Читать книгу «Сновидение» онлайн полностью📖 — Франка Тилье — MyBook.
image

5

Странные фотоколлажи, подписанные Абигэль Дюрнан, – вот что видел в первую очередь тот, кто входил в ее кабинет, маленькую комнатку в мансарде, смежную с ее спальней. Каждая из них была результатом десятков часов работы, цифровой обработки снимков из банков данных, монтажа, вырезания, склеивания. Они висели на стенах, заключенные в рамки. Безумные, кошмарные фрески. Женщина без рук, с собачьей мордой, с ногами, изломанными на манер пазла, горела в грозе, точно огненная птица. Близнецы-альбиносы с перламутровыми лицами и гладкими белыми волосами, усеянные шрамами от гвоздей, от бритвы, парили над поверхностью воды, черной, как отработанное масло. Чуть дальше, в углу, гигантская тень здания, исхлестанного дождем, то ли усадьбы, то ли старой психиатрической больницы, пронзенная огромными мечами и молниями.

Вода, огонь, разломы, шрамы – всякий раз. Жизнь и смерть, слившиеся в пылком поцелуе. С игрой света и теней эти безумные творения леденили кровь и, казалось, были созданы психопатом. А между тем они являлись плодом работы мозга тридцатитрехлетней женщины, дипломированного криминолога и психолога, специалиста по уголовному праву, эксперта при судах Лилля и Дуэ. Страдающей водобоязнью – в море и бассейне – и нарколепсией.

В глубине этого логова, прикрепленные кнопками к прямоугольной доске над тиковым столом, висели фотографии детей. И это уже были не монтажи. Лоскутное одеяло из открытых улыбок, хрупких фигурок, детских поз. Вот девочка – Алиса – сидит у подножия маяка в Плуманаке, белые зубки и невинный вид под ярким солнцем. Вот мальчик – Артур, – в футбольной форме, под мышкой мяч с подписью Зинетдина Зидана. Срезы жизни, интимные моменты, которые в нормальном мире навсегда остались бы в семейном кругу. Но в этом декабре 2014 года никто не жил в нормальном мире уже давно, и Абигэль знала это лучше, чем кто бы то ни было. Этот кабинет, эти лица, книги о худших преступниках планеты, запертые на ключ шкафы, ломящиеся от дел одно другого страшнее, были тому вопиющими свидетелями.

– Уже три часа утра, Аби, пора. Леа нас ждет.

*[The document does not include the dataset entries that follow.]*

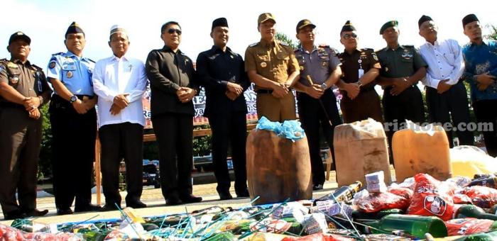 Polres Rohul Musnahkan Barang Bukti Narkotika Dan Ribuan Botol Miras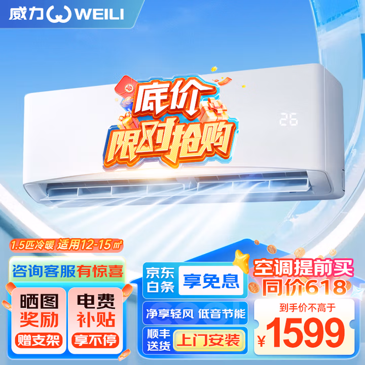 威力(WEILI)空调1.5匹 空调挂机 冷暖空调 新能效 节能省电 卧室出租房宿舍 家用壁挂式 KFRd-36GW/A1+15P3a -
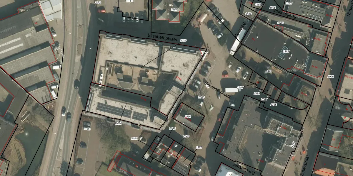 Het perceel waarop Elisabethplaats 50 staat heeft een oppervlakte van 1826 m². Dit is een zeer groot perceel. De perceeloppervlakte wordt geregistreerd door het Kadaster. Gedetailleerde informatie over de maten van dit perceel kunt u vinden in het rapport Kadastrale kaart met maatvoering van Elisabethplaats 50.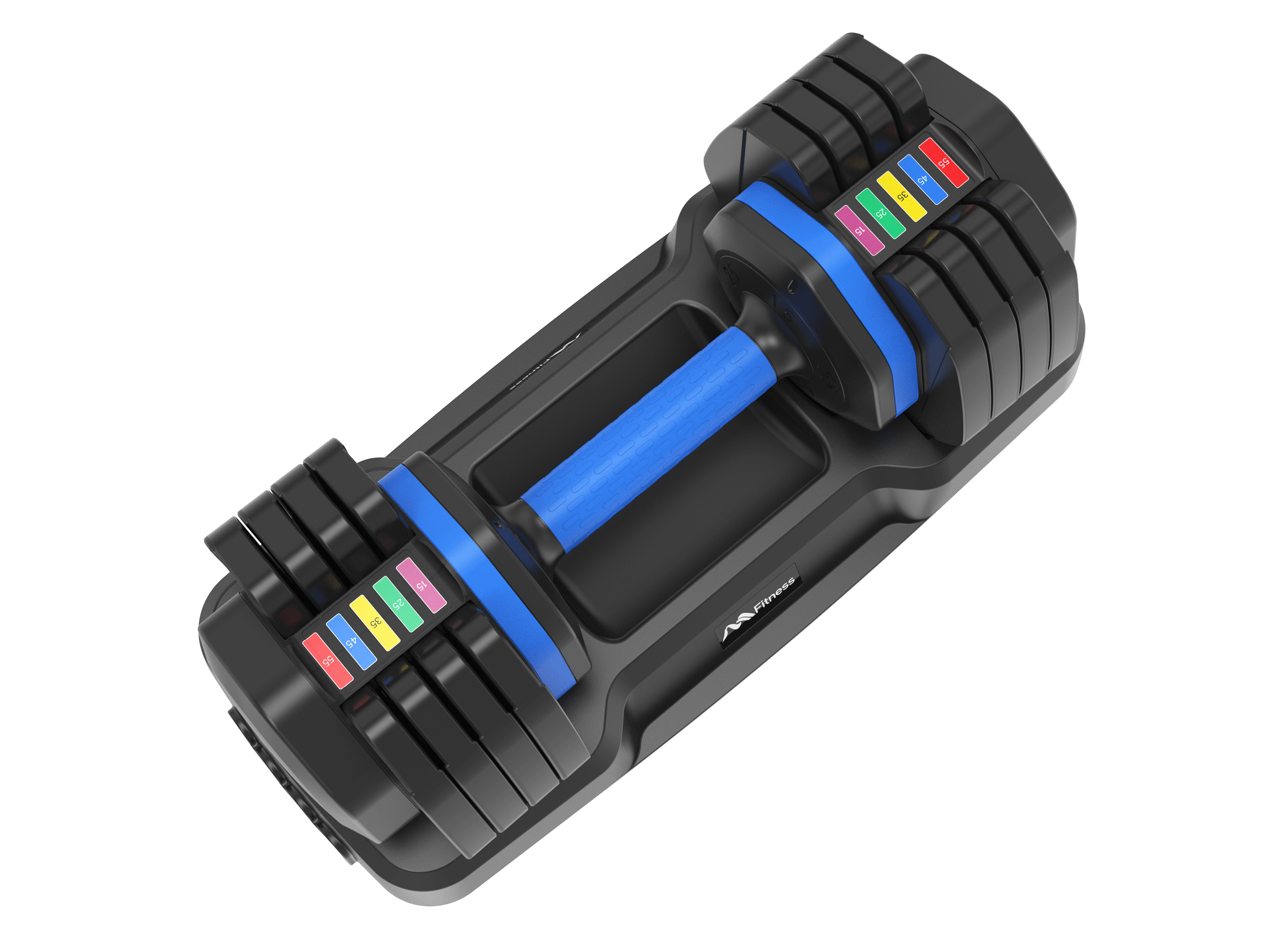- This dumbbell set has a total weight of 55lbs for each one and it has 10lbs adjustable in each level. The user can simply put it on the included tray, and the safety lock will automatically be opened. Just simply rotate the non-slip handle, you can freely switch the dumbbells between five different gears of 15, 25, 35, 45, and 55 lbs. Lift the dumbbell and you can get the load you want. Different from the two-step adjustment on the market, this is a true one-key adjustable dumbbell. It saves you the space of the home gym while getting the most convenient access.- We have designed a unique color weight mark for this adjustable dumbbell, which is very recognizable, and you can intuitively feel the increase in your exercise level. When you share this adjustable dumbbell with your family, each family member can have their own corresponding color label, which increases the fun of exercising together.- As a strength training equipment that users are usually unwilling to purchase repeatedly, product quality is very important. This adjustable dumbbell is all made of high-quality materials, and the most important inner core is made of metal. These elements make it a durable adjustable dumbbell that can accompany you for more time.- As equipment that will accompany you for a long time, its exquisite appearance is also a major advantage of this adjustable dumbbell. The product has been fully polished, with excellent texture, and the color matching of the visually optimized design, making you more willing to spend time lifting it to improve your physical function.- Many thoughtful details are designed to escort your workout. Non-slip handles, easy-to-carry design of the tray base, one-button adjustment + base safety lock, these details protect your exercise experience in all directions. Product size: 19''x8''x7''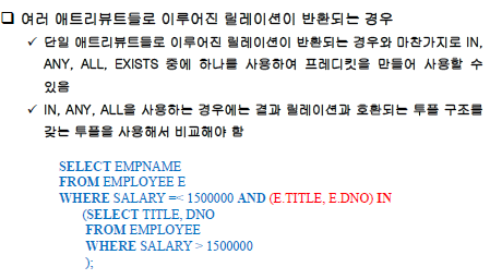 중첩질의에서 여러개나오면 연사자 사용해야한다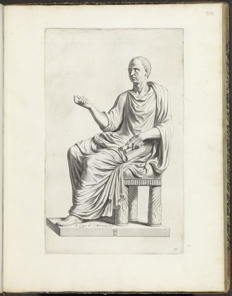 This engraving of a statue of Aesculapius was made by Luca Ciamberlano in the early 17th century. As the Roman god of medicine and healing, Aesculapius is depicted in the classical style, draped in robes with a serpent entwined around a staff. In the context of 17th-century Europe, and the rise of scientific rationalism, the image of Aesculapius references the long history of medicine, linking ancient knowledge to contemporary practice. Art academies of the period emphasized classical forms as models of aesthetic and intellectual achievement. The engraving might reflect an emerging interest in the collection and cataloging of classical antiquities, part of a broader project of ordering and classifying the natural world. Historians can examine period texts on medicine, museum collection records, and the biographies of artists and patrons, to better understand the cultural meanings embedded in this image. By studying the historical context, we recognize that even seemingly straightforward depictions of classical figures are deeply embedded in the social and institutional histories of their own time.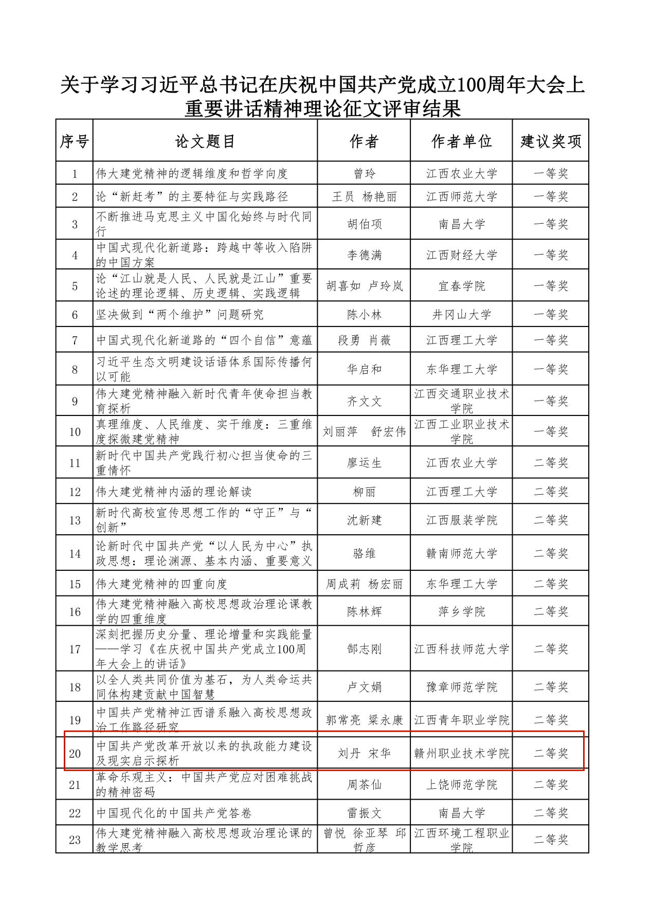關于學習習近平總書記在慶祝中國共產黨成立100周年大會上重要講話精神理論征文評審結果的公示http://jyt.jiangxi.gov.cn/art/2021/11/18/art_25824_3741187.html

Абигэль сидела, уставившись на детские лица, которые знала наизусть, – Артур, с его белокурой прядкой и вздернутым, точно стружка, носиком, Виктор, с веснушками на высоких скулах и покатым лбом, Алиса, красавица Алиса, похожая на героиню сказки, – когда голос ее отца раздался гулко, словно из мегафона. Вот и доказательство, что она задремала, на грани сна и яви. Поворот головы. Ив стоял в дверях святилища, не смея войти. Он смотрел на сюрреалистические фотоколлажи, которые его дочь делала терпеливо – и не без таланта – вот уже несколько лет, воспроизводя жуткие сцены своих кошмаров.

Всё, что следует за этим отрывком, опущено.